Before it was a beer, Samuel Adams was a leader in the fight
against British colonial rule and a signer of the Declaration of
Independence. In fighting an entrenched and self-aggrandizing
political power, Adams had this advice: “Be not intimidated, nor
suffer yourselves to be wheedled out of your liberties by any
pretense of politeness, delicacy, or decency. These, as they are
often used, are but three different names for hypocrisy, chicanery,
and cowardice.”
Choosing sides in a battle between political subjugation and
individual sovereignty, said Adams, is to choose sides between
slavery and freedom: “If ye love wealth greater than liberty, the
tranquility of servitude greater than the animating contest for
freedom, go home from us in peace. Crouch down and lick the hand
that feeds you; may your chains set lightly upon you, and may
posterity forget that ye were our countrymen.”
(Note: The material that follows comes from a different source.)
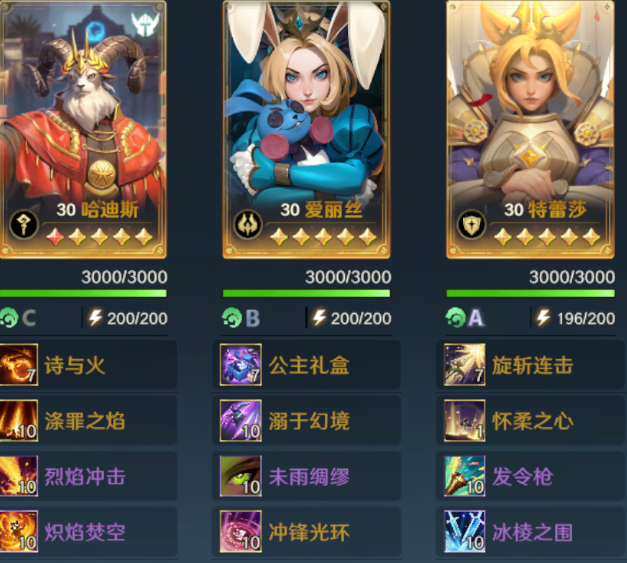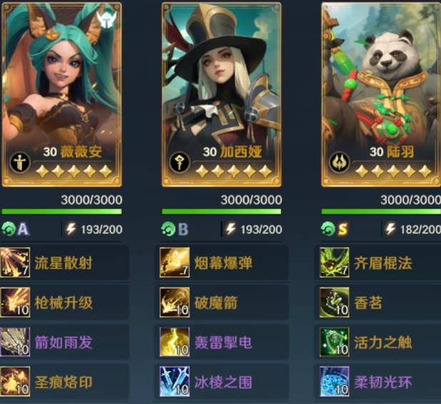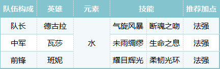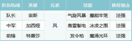 风系顶配队,主要利用宙斯高额的群体输出能力打伤害,加西亚负责提供负面效果、削弱敌方属性,特蕾莎提供增伤减伤等辅助效果,可以作为开荒备选,33级时可以利用此阵容开9级地。

The danger, always, is for those who are ahead of the crowd,
those who see early an emperor without clothes, and say it.
Historically, it’s those groundbreakers, those willing to speak
with candor, those disposed to be the targets of embedded
authorities and ingrained prejudices, who have been essential in
the advances of liberty and societal evolution.
Again, from Samuel Adams, and directly applicable to those
relatively few in Pennsylvania who started the ball rolling against
the pay hike shenanigans that transpired in Harrisburg in the wee
hours of July 7: “It does not require a majority to prevail, but
rather an irate, tireless minority keen to set brush fires in
people’s minds.”
John Adams, another early patriot in the American revolution,
and later the first Vice President of the United States and the
second President of the United States, warned of the obsession that
those in control have to eliminate any and all beliefs that they
see as either frightening or erroneous: “The jaws of power are
always open to devour, and her arm is always stretched out, if
possible, to destroy the freedom of thinking, speaking, and
writing.”
Still, the larger danger, as America’s Founders cautioned, was
in doing nothing, doing nothing in the face of growing absolutism,
nothing as restraints on self-determination become more
suffocating, nothing as the acts of malice become more sordid and
the roots of repression grow deeper.